The MoE-to-Dense Pipeline

The pipeline proceeds in three stages (Section 3 of the paper):

  1. Score and select

    • Score all experts per layer from teacher routing statistics on a small calibration set.
    • Retain the top-K experts by importance.
  2. Group, merge, and concatenate

    • Assign the top-K experts to k groups — copied directly when K=k (pure pruning), or merged by score-weighted averaging when K>k.
    • Concatenate the k group representatives into a single dense FFN, with down-projection scaling to approximate the average routing behavior.
  3. Distill

    • Recover quality lost during compression by distilling the dense student from the original MoE teacher with forward-KL on logits.

Design Space

The design space is parameterized along three axes. The code retains internal identifiers from development; the table below maps each to the term used in the paper.

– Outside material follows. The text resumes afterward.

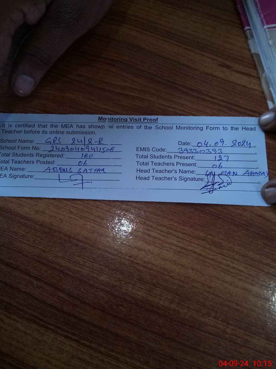 | EMIS Code: 39330393 | Name of School: GPS CHAK NO. 24/2-R | |||
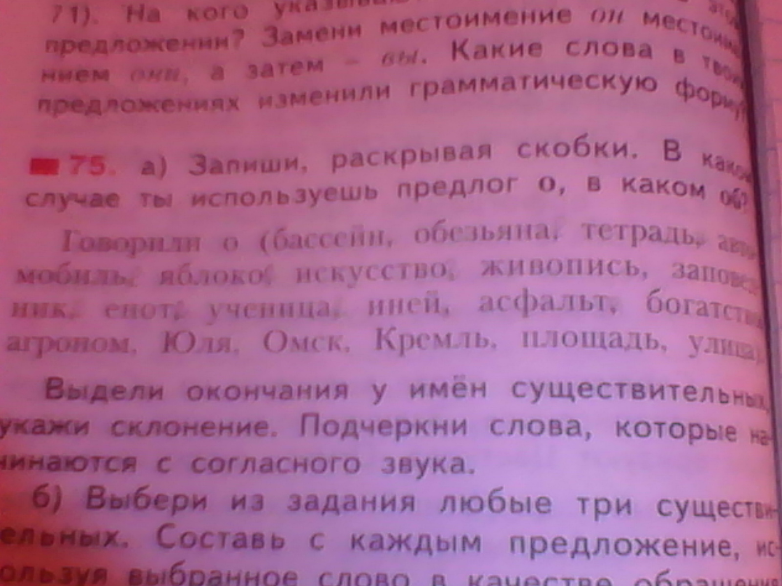Говорили о бассейне/об обезьяне/о тетради/ об автомобили/об я блоке/ об искусстве/о живописи/ о заповеднике/об еноте/ об ученице/ об инее/ об асфальте/о богатстве/ об агрономе/ о Юле/ о Омске/ о Кремле/ о площади/ об улице

Axis Paper term Code identifier
Scoring SF — selection frequency selection_freq
PP — pre-selection probability preselect_prob
PS — post-selection probability postselect_prob
CP — conditional probability conditional_prob
ACP — activation-weighted conditional probability reap
DO-CP — D-optimal selection on CP gram_logdet
DO-ACP — D-optimal selection on ACP (best) gld_reap
Grouping RR — round-robin round_robin
WC — weight clustering weight_cluster
RC — router clustering router_cluster
AB — anchor-based dominant_expert
OC — output clustering output_cluster
DP scaling uniform (1/k) uniform
proportional (by selected-expert importance) proportional

The D-optimal scorings (reap, gram_logdet, gld_reap) use a submodular log-determinant criterion on the expert-output Gram matrix to select a diverse subset; they require the Gram matrix and are produced by the full-grid pipeline (see Reproducing the paper). The four base scorings run directly through run_merging_ablation.py.

Installation

The distillation trainer is built on NVIDIA Model Optimizer's modelopt.torch.distill plugins, installed automatically as a dependency.

# clone repository
git clone https://github.com/krafton-ai/moe-to-dense
cd moe-to-dense

# install project (nvidia-modelopt, torch, transformers, datasets, trl)
pip install -e .

# optional extras
pip install -e ".[train]"   # adds deepspeed
pip install -e ".[eval]"    # adds vllm + lm-eval

Requires Python ≥3.10. Distillation uses DeepSpeed ZeRO-2 by default; configs live in configs/. Dependency windows are pinned in pyproject.toml (notably nvidia-modelopt==0.37.0 and transformers>=4.51,<4.58); see the comments there for the rationale.

Repository Layout

.
├── modules/                       # Core library
│   ├── expert_importance.py       # Routing-stat collection
│   ├── expert_merger.py           # Scoring × grouping × scaling → dense FFN
│   ├── gram_logdet.py             # D-optimal (log-det) selection + ACP scores
│   ├── dense_pruner.py            # Dense-to-dense (D2D) pruning baseline
│   ├── distillation_trainer.py    # Forward-KL KD trainer wrapper
│   ├── evaluation.py              # Benchmark + WikiText-2 PPL eval
│   ├── checkpoint_manager.py
│   └── model_adapters.py          # Qwen3 / DeepSeek-V2 / GPT-OSS / EMO adapters
├── scripts/                       # Entry points (see below)
├── configs/                       # DeepSpeed + training configs
└── pyproject.toml

Quick Start

The three canonical stages on a single configuration. Replace model IDs / paths as needed.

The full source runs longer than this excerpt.